Le mani di Jace erano strette ai suoi fianchi. «La nostra unica possibilità per cosa?»
«Per poter continuare a vederci. Perché altrimenti non potremo più stare vicini, nemmeno nella stessa stanza. E io non potrei sopportarlo. Preferisco averti nella mia vita anche solo come un fratello, piuttosto che non averti affatto.»
«E io dovrei starmene seduto a guardare mentre tu esci con altri ragazzi e t'innamori di qualcun altro e ti sposi...?» Gli si indurì la voce. «E nel frattempo, guardando te, morirei un po' ogni giorno.»

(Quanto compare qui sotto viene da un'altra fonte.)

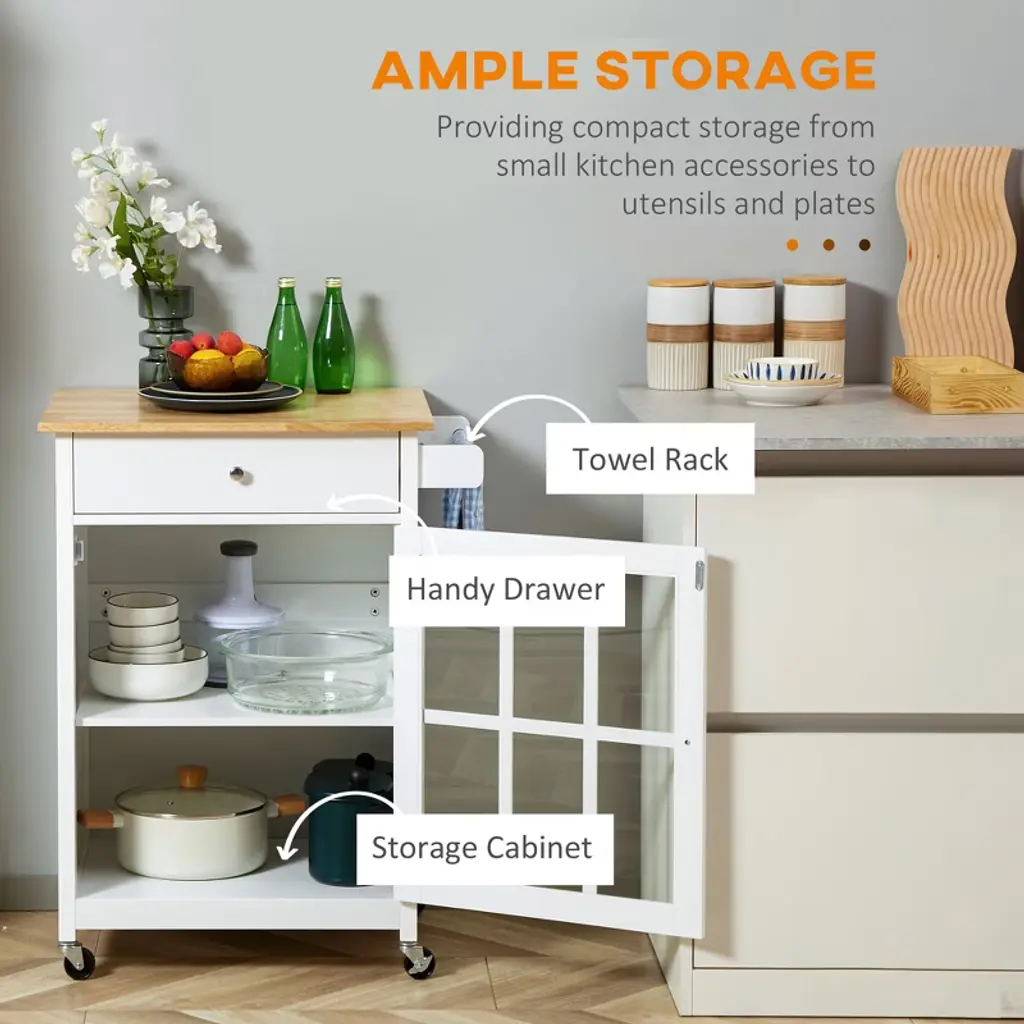 Homcom 27" Rolling Kitchen Island Cart With Drawer And Glass Door Cabinet, Kitchen Trolley With Adjustable Shelf And Towel Rack, White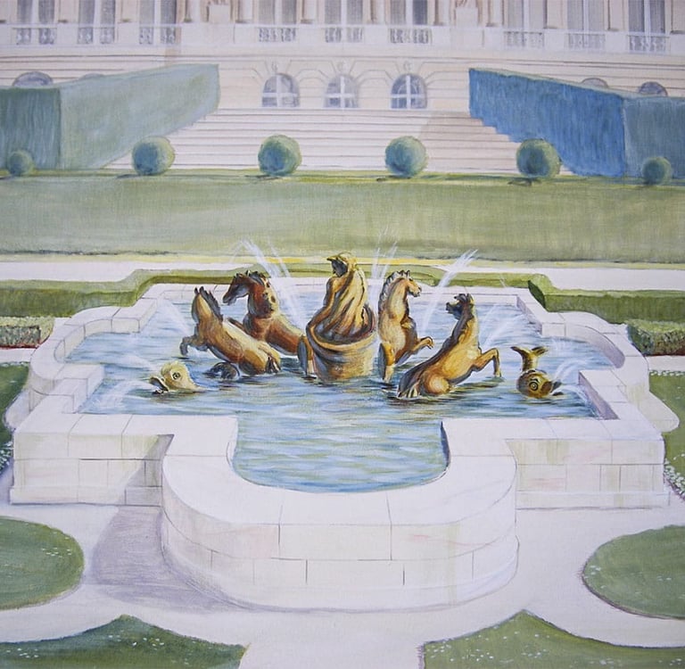 The Apollo Fountain, painted in joyfully. A touch of whimsy in a "royal" nursery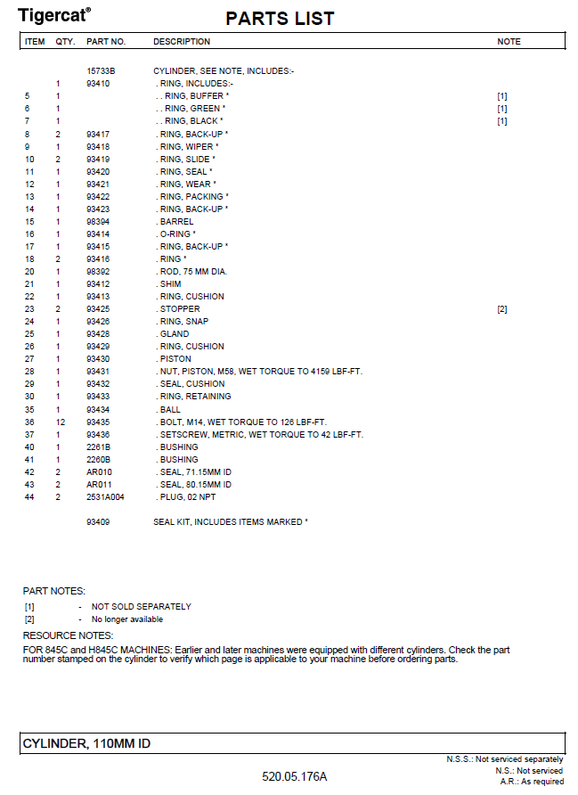 TIGERCAT H860D PARTS CATALOGUE MANUAL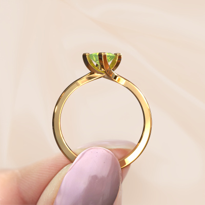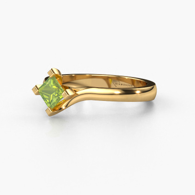In your eyes, no one else compares to her. She is one in a million, unlike anyone else and pure? These qualities are emphasized perfectly by our modern gold solitaire peridot ring. This peridot is carefully selected by our keen artisan goldsmiths. It equals the unique qualities of the love of your life. There is no better way to memorialize your proposal than this symbol of true love. The ring shown above is called the Dewi Square, we call this a solitaire ring because it contains a single gemstone. The Engagement ring is made in 14 Carat gold and has a princess peridot of 4 mm. Each piece of jewellery is made just for you by our master goldsmiths in our own studio.By using a combination of the latest modern techniques, combined with ancient crafting, we can make all our Engagement rings in our own studio. Each jewel is made to order. This is advantageous because we can offer you a price you won't find anywhere else.Our designers and goldsmiths work together each day, creating new jewels. Perhaps you have found a nice modern Engagement ring somewhere, which can be used to customize your unique ring. Please feel free to contact us. We will make you an offer, based on a fair price/ quality ratio, which will amaze you.To make it easier for you, we offer a 30 day return policy. Check our terms and conditions.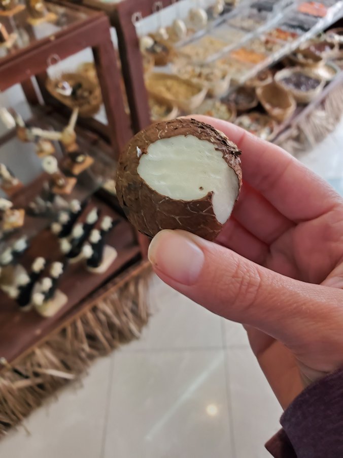 After that we were off to the town of Baños for lunch and a vegetable ivory demonstration. Vegetable ivory, or tagua, is a seed that comes from some kind of palm tree, and when its carved, it looks just like elephant ivory. I couldn’t get a good view of the carving demonstration because the group was in my way, so I shopped instead! (of course). I’m easily distracted by pretty things.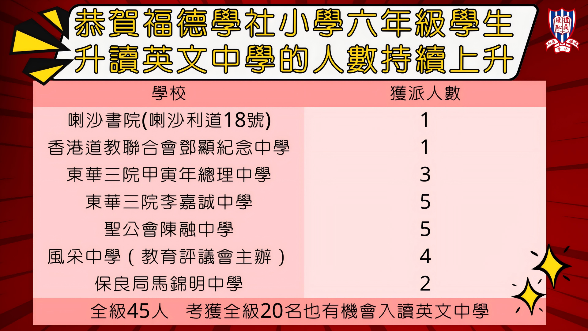 | 聖公會陳融中學 SKHCYSS | 9 | 19.1% | 16 | 30.8% | 3 | 5.5% | 1C | 146 |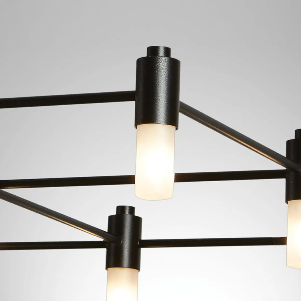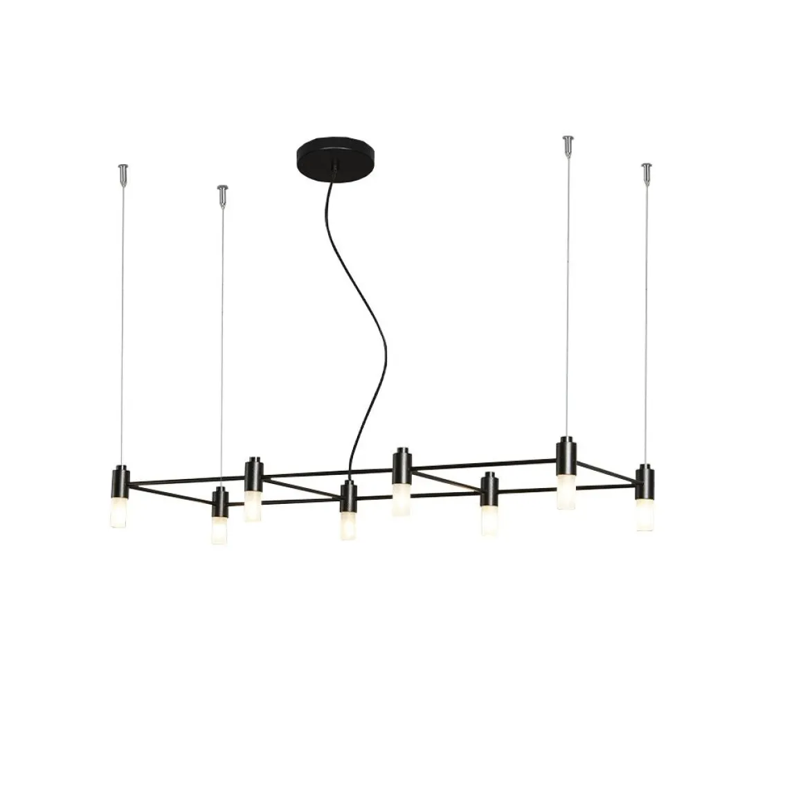 Suspension modulaire en tubes d’acier soudés et enduits de poudre. Les configurations possibles sont nombreuses et créent un système de grilles lumineuses.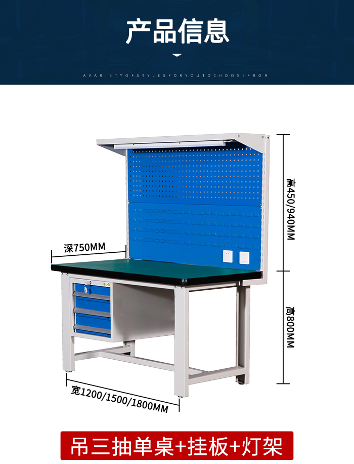 吊三抽单桌+挂板+灯架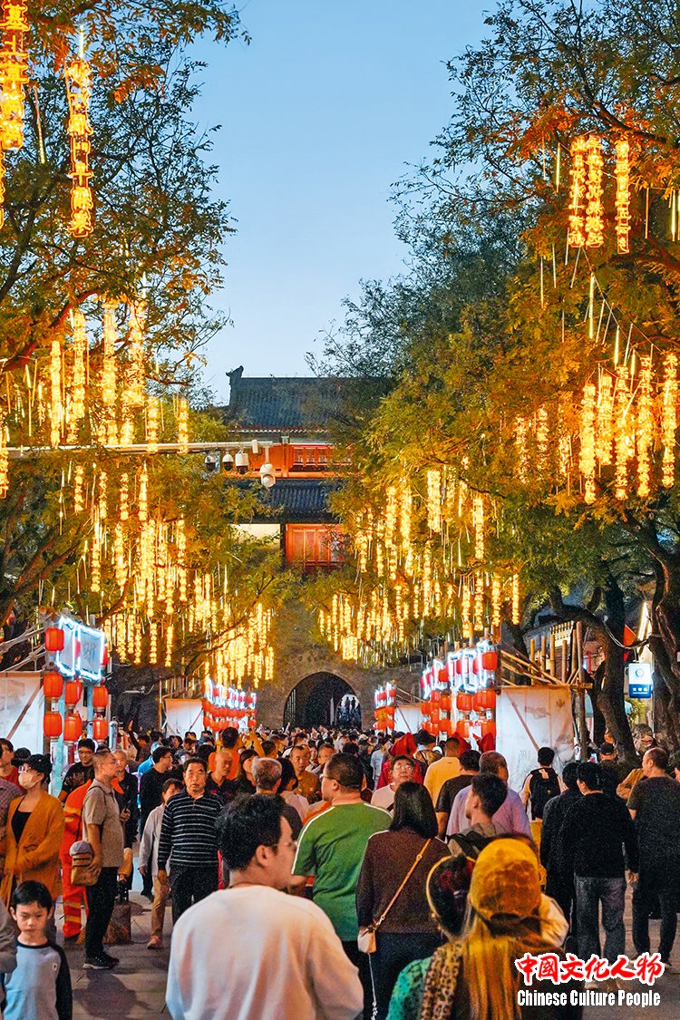 华灯初上,宛平城楼下的街巷热闹非凡,历史的厚重与人间的烟火气在此交融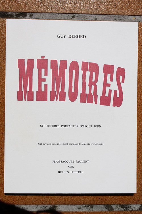 Il écrit et publie à la même époque son ouvrage intitulé Mémoires composé de phrases et de lambeaux de phrases prises dans le corpus général de sa bibliothèque incluant toutes sortes de livres, manuels scolaires ou livres techniques et installés en vagues désordonnées sur les structures portantes, des éclats et des coulures de couleurs réalisés par son ami qui sera aussi le producteur de certains de ses films, le grand peintre et écrivain danois Asger Jorn.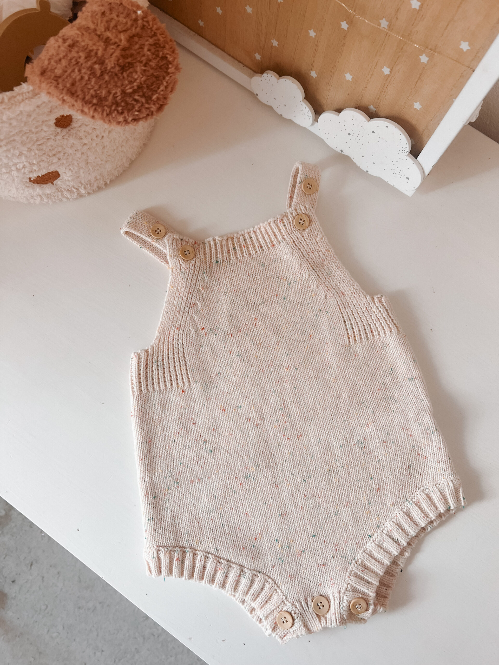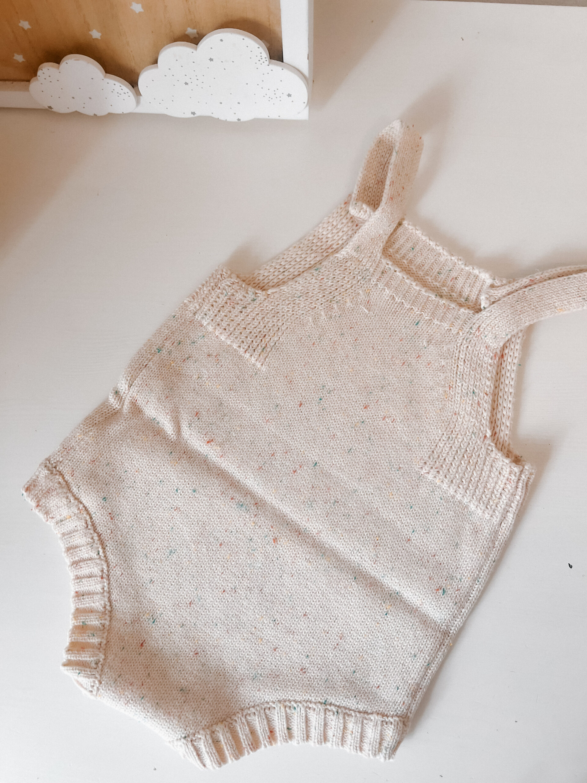 Com um design minimalista em tom bege e pequenos detalhes coloridos estilo “sprinkles”, este modelo acrescenta um toque subtil e encantador, mantendo a elegância. As alças com botões facilitam o vestir e o fecho inferior torna a muda da fralda prática no dia a dia.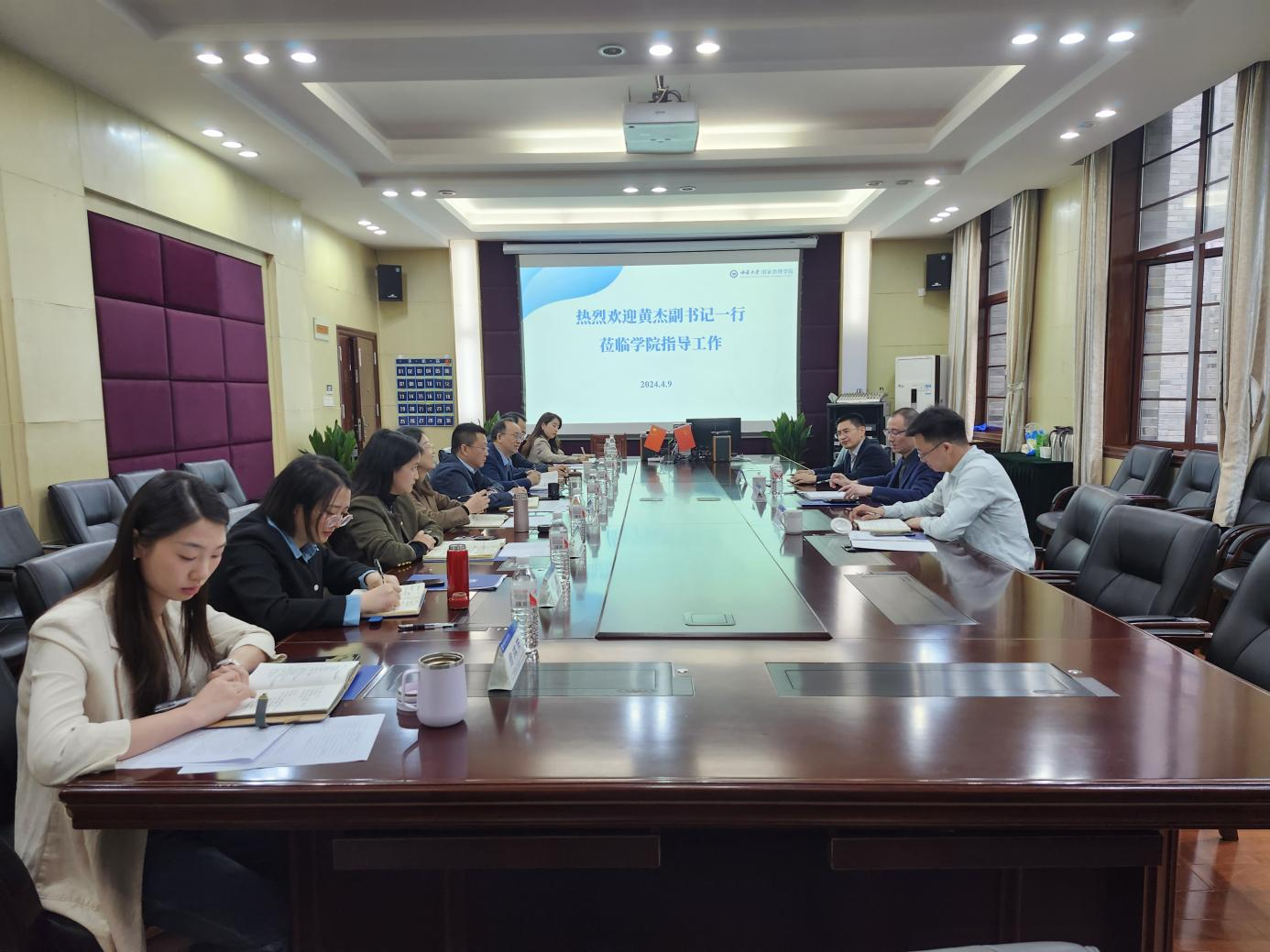 4月9日上午,学校党委副书记黄杰一行莅临学院调研指导学生工作,党委学生工作部部长、学生工作处处长、武装部部长许克松,招生就业处处长李栋宣陪同调研。学院党委书记刘勇,院长、党委副书记潘孝富,党委副书记、纪委书记陈丽华,党委副书记李长松及组织员、全体辅导员参加调研座谈会。

«No. Per allora non te ne importerà più nulla» replicò Clary. Ma si chiese, mentre parlava, se lei avrebbe potuto sopportare l'idea di un Jace a cui non importava. Non aveva mai pensato così in là nel tempo. Quando cercò di immaginare se stessa che guardava Jace che si innamorava di un'altra e la sposava, non riuscì nemmeno a figurarselo, non vide niente se non un tunnel nero e vuoto, davanti a lei, che si allungava all'infinito. «Ti prego. Se non diciamo niente... se fingiamo...»
«È impossibile fingere» disse Jace con assoluta chiarezza. «Io ti amo e ti amerò fino alla morte e, se c'è una vita dopo la morte, ti amerò anche allora.»